[Start of Attachment]

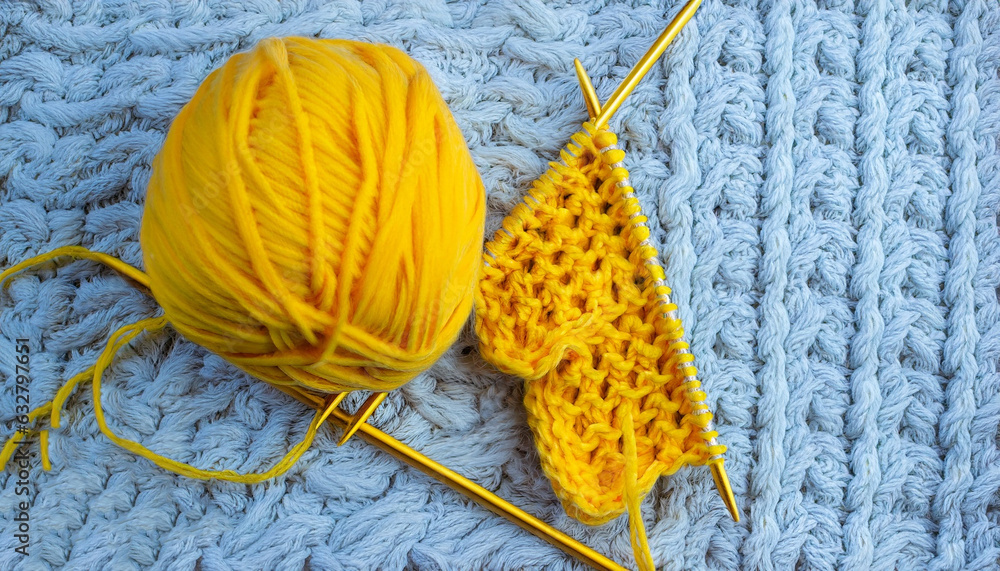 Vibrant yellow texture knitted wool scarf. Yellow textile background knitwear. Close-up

[End of Attachment]
[Start of Attachment]

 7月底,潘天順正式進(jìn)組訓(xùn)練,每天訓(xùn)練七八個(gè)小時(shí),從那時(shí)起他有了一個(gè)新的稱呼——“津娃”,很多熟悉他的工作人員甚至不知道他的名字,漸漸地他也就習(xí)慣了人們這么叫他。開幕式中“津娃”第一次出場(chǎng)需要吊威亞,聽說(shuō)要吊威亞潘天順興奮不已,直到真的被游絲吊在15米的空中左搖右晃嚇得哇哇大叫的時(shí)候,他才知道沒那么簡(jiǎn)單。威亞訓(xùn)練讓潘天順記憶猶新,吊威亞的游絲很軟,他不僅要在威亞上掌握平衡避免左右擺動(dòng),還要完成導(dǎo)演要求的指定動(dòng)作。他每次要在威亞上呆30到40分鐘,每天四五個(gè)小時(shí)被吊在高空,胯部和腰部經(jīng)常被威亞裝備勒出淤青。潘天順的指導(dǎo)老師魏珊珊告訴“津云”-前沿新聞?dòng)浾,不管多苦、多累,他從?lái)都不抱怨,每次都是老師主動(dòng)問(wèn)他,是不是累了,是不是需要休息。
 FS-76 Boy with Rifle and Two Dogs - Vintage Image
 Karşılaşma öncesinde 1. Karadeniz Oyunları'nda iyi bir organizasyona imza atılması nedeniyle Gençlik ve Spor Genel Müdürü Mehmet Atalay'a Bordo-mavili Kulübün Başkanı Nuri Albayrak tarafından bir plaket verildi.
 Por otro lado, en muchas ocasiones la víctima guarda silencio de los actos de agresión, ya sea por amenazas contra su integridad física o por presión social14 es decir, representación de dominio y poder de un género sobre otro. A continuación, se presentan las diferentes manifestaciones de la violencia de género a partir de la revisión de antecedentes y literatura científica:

[End of Attachment]

Work task: Using the data above, reproduce exactly the lines between those holding "Karşılaşma öncesinde 1." and "Por otro lado, en", inclusive, and no others.

The answer:
 Karşılaşma öncesinde 1. Karadeniz Oyunları'nda iyi bir organizasyona imza atılması nedeniyle Gençlik ve Spor Genel Müdürü Mehmet Atalay'a Bordo-mavili Kulübün Başkanı Nuri Albayrak tarafından bir plaket verildi.
 Por otro lado, en muchas ocasiones la víctima guarda silencio de los actos de agresión, ya sea por amenazas contra su integridad física o por presión social14 es decir, representación de dominio y poder de un género sobre otro. A continuación, se presentan las diferentes manifestaciones de la violencia de género a partir de la revisión de antecedentes y literatura científica:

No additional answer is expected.